3) Stand well back from bowl (to avoid splatter)
4) unload
5) flush toilet with boot.
6) approach sink. reel off short length of paper towel - leave hanging on dispenser.
7) wash hands.
8) when hands are rinsed clean, leave water running and reomove previously mentioned short length of towel.
9) Use short length of towel to reel off large length of towel.
10) Dry hands.
11) Use towel to turn off water/open bathroom door.
12) Hold door open with foot, toss towels in garbage, and exit bathroom.

Clean exit everytime.

I have almost the same routine, I just don't piss in the stall
 

BlackTigers

Diamond Member
Jan 15, 2006
4,491
2
71
1) open stall door
2)wipe piss off seat
3) shit.

wash hands, dry, leave.

i find it funny when people spend 10 minutes getting their toilet seats ready. i
 

nick1985

Lifer
Dec 29, 2002
27,153
6
81
1) open stall door
2)wipe piss off seat
3) shit.

wash hands, dry, leave.

i find it funny when people spend 10 minutes getting their toilet seats ready. i

I dont like someone's crusted piss/fecal matter smearing all over my nice fine ass.
 

irishScott

Lifer
Oct 10, 2006
21,562
3
0
You are a disgusting animal.

Good day sir.

Damn right. Which is why I can laugh at the awkwardness of everyone else when the power goes out for an extended period. And the noobs on backpacking trips. So many people are scared of doing number 2 in the woods it's pathetic. They think a beetle's going to fly up their ass or something, or they've just got some phobia of their own shit being in close proximity to what it just came out of. Grab some toilet paper and hand sanitizer and you're good to go.
 

montypythizzle

Diamond Member
Nov 12, 2006
3,698
0
71
When I go in Wal-Mart's bathroom all you find is droplets of shit and piss all over the seat. I just save my "load" for home where monkeys don't occupy the bathroom.

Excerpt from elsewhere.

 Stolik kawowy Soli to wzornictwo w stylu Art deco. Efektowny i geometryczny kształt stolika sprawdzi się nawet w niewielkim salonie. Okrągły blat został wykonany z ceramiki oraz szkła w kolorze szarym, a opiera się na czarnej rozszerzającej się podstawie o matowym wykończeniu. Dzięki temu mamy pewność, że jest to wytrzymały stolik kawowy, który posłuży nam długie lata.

Usually when I whizz I just go, it has an auto sensor for flushing and then the sink has infared as well, and you could even use the infared hand dryers. But most of the time I still open up the door with my bare hands, even if I just seen a guy go out it the other day without washing his hands :/
 

Matthiasa

Diamond Member
May 4, 2009
5,755
23
81
Pretty much nothing should ever be directly touched in a public bathroom. If it can be seen it has probably been pissed on and shit on.
 

meltdown75

Lifer
Nov 17, 2004
37,548
7
81
i didn't think STDs were transmittable via toilet seats. hmm.

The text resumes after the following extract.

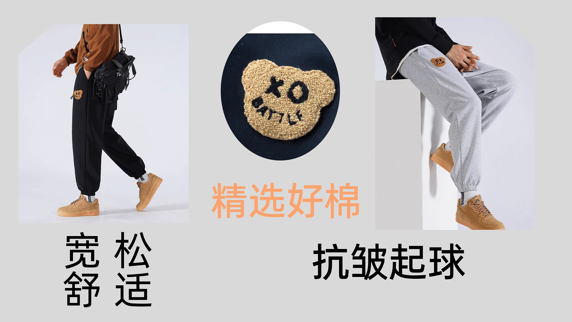 男士运动裤子男春秋季款卫裤刺绣潮牌2023新款宽松束脚大码休闲长裤 小熊黑色束脚 S

anyhoo, i wipe the seat with a piece of toilet paper and then dump away. haven't caught anything yet.
 

freakflag

Diamond Member
Mar 22, 2001
3,951
1
71
In this thread, a bunch of anal retentive hypochondriacs expose themselves.

On the contrary, this thread exposed some nasty mother F-ers. I'd feel like I needed a shower and a tetanus shot just from shaking hands with some of you.